Sociedade deve ir para a rua, diz sociólogo português Boaventura de Souza Santos

Boaventura de Sousa Santos - Foto: Reprodução
Boaventura de Sousa Santos – Foto: Reprodução

O resgate da democracia, sequestrada pelas forças do mercado, será feito com a retomada das ruas pela sociedade, único espaço ainda não colonizado. A análise é do sociólogo português Boaventura de Souza Santos, que participou no Rio do seminário Cultura e Política, iniciativa do programa Cultura e Pensamento, do Ministério da Cultura nesta segunda-feira (2), com estudantes e professores ocorreu no Teatro de Arena na Universidade Federal do Rio de Janeiro (UFRJ).

Entre os assuntos principais abordados, ele destacou o esgotamento da democracia representativa tradicional, na qual se elegem políticos para representar a população, e a busca pela democracia participativa, com atuação direta dos eleitores, seja através de plebiscitos ou por manifestações de rua.

“Muita da cultura é feita no espaço público, é feita na rua. Desde 2011, os jovens, em vários países do mundo, do Ocuppy [Wallstreet, nos Estados Unidos], dos Indignados [da Espanha], do sul da Europa, aos protestos que aconteceram aqui em 2013, os jovens chegaram à conclusão de que rua é o único lugar público que não está colonizado pelos mercados financeiros. E vêm para a rua porque as instituições não respondem aos seus anseios.”

Segundo Boaventura, a democracia representativa está refém das forças de mercado. “Em muitos desses movimentos, o que pedem? Alguma coisa revolucionária? Não. Pedem democracia real, democracia já. Porque esta democracia que temos foi sequestrada por antidemocratas. Ela hoje é refém do dinheiro e não pode ser uma democracia. Isto significa que a democracia liberal, representativa, não sabe se defender do capitalismo.
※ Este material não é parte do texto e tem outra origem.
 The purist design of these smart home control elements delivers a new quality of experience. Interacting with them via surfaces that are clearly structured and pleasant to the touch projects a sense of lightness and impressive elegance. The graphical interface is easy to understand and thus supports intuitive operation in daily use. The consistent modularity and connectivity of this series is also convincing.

Para isso, ela tem que se articular com a democracia participativa e deliberativa e esta democracia participativa vai obrigar a novas formas de política.”
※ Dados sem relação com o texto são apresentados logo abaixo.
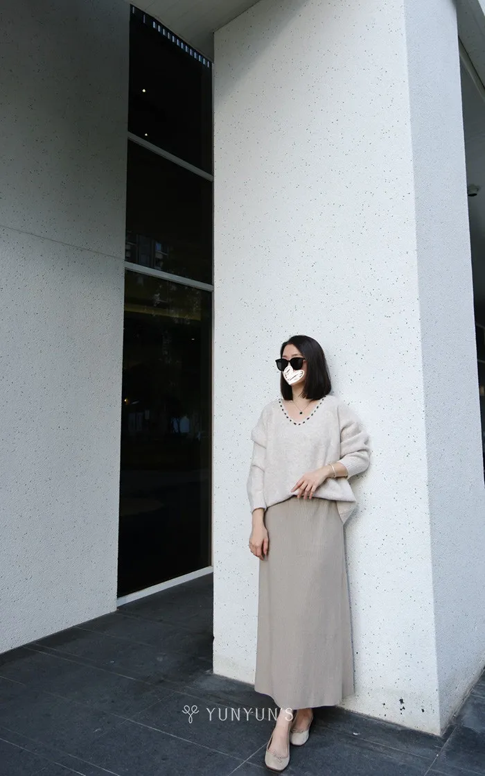 ・材質:有磅數感的針織長裙.不臭不刺.彈性好

Para o sociólogo, é preciso modificar a estrutura dos partidos, hoje dominada por uma cúpula que abre poucos espaços para a participação social dentro deles. Boaventura citou o exemplo do partido espanhol Podemos, fundado em 2014, com uma nova dinâmica interna, baseada em círculos de decisão, e fortemente amparado nas redes sociais, inclusive para seu financiamento.

“No Podemos, quem delibera quem são os candidatos são os círculos de cidadãos. Quem delibera a agenda são os círculos de cidadãos. Democracia participativa dentro do partido, como órgão da democracia representativa. Para fazermos isso, nas próximas décadas, temos que ir para a rua. Nós vamos ter nos nossos países momentos turbulentos em que vamos misturar luta institucional com luta extrainstitucional. Lutas nas instituições, para que nos sirvam e sejam democráticas, e lutas fora das instituições para forçar essas transformações.”

Boaventura explicou o que significa o conceito trabalhado por ele de “poder dronificado”, uma forma que em princípio mostra-se invencível, mas que tem entre os seus pontos fracos justamente a resistência popular.

“O poder contemporâneo é um poder dronificado. O drone é uma forma de poder bélico que elimina o heroísmo da guerra, que elimina a possibilidade da derrota, porque quem está a matar no Afeganistão está atrás de um computador no Nebraska, nunca pode ser morto, ferido ou derrotado. Mas também não pode ser herói. Muito do poder hoje quer se afirmar como invencível. O que são os mercados financeiros se não uma forma de poder dronificado? O que são as formas de segurança de nossos dados de vigilância global, se não uma forma de poder dronificado? Mas este poder é frágil. Parece muito forte, mas é frágil. O problema é que a força está em nós. Somos nós que lhe damos essa força toda, porque não resistimos, porque não sabemos resistir.”